Small to large subset search for common ancestors

  • Significant refactor
  • 04d5699d 2023-12-14
    • On 2024-01-11, this is the commit deployed on prod
    • The Example comparison on the home page was taking forever to run. I figured out that I was doing part of the finding common ancestors algorithm backwards and now it's very fast.
  • 72de8603 2023-12-13
    • Got rid of raise error on get_unrooted_children in connect_nodes because it does find unrooted children
    • In concept_graph_post, replaced fill_in_gaps with get_connected_subgraph
  • 89863ba9 2023-12-04
    • For Many small -- neurological identical output to Connects root nodes, but graph.py code is somewhat different. May be worth testing this on other cases.

Connects root nodes

  • 9f6f82b 2023-11-13
  • Creates a subgraph from g using nodes. Identifies root and leaf nodes in this subgraph. Generates all simple paths from each root to each leaf in the original graph g. Returns the list of all such paths.
  • From commit message:
    • Totally redid subgraph generation and now downloading indented concept list instead of constructing it on the front end based on creating a front-end graph based on subgraph edges from backend.

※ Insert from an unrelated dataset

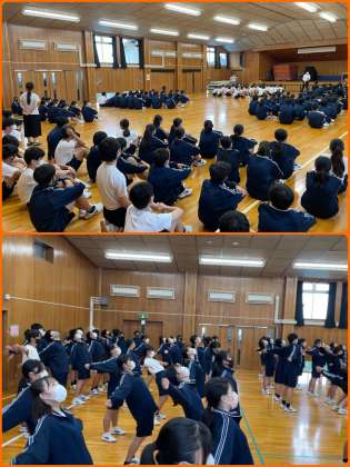 【2学年】ダンス発表会 準備運動 (ダイジェスト) 公開日 2022/07/21 更新日 2022/07/21 おしらせ 7月15日(金)6校時 2学年は、15日(金)にダンス発表会を行いました!ダンス委員を中心に発表当日まで工夫をしながら、練習してきました。どんな声かけをしていたのか?どんな工夫を施していたのか?各クラスの「裏話」を載せていきます。 こちらの写真は、本番前の準備運動の様子です。体育委員が声出しをして、全体のやる気を上げていました! いいね(0)

Seems to work, but collapse is broken now...maybe other stuff too.
    • No longer need an undirected version of the graph
    • Expanded to include all 'Is a' relationships from concept_relationship table in addition to concept_ancestor where min separation = 1 already included. [switched back at some later time]
  • In order to get this to work, I had to turn off api_logging (which I've now added to the patch file.) Tested with:
  • MALIGNANT CANCER (fails)
  • Many small -- neurological (seems fine)

7c6b78b 2023-06-26

Working on caching. Maybe no substantive change since 05-16, but graph.py is stable. Apparently no change in algorithm until 11-13. Should be same algorithm as above, but can't get this one working. Too many package issues.

First graph.py

  • eb27fa7 2023-05-16
  • First appearance of graph.py. There's important stuff to look at before this, but can't get older ones working.
  • Uses cr-hierarchy, which calls connected_subgraph_from_nodes. Method is to use undirected graph to connect pairs of root nodes and construct tree on front end.
  • A week or two later (a5ae636c) added sort_by_most_descendants, which I think is gone now. Might want to add it back in.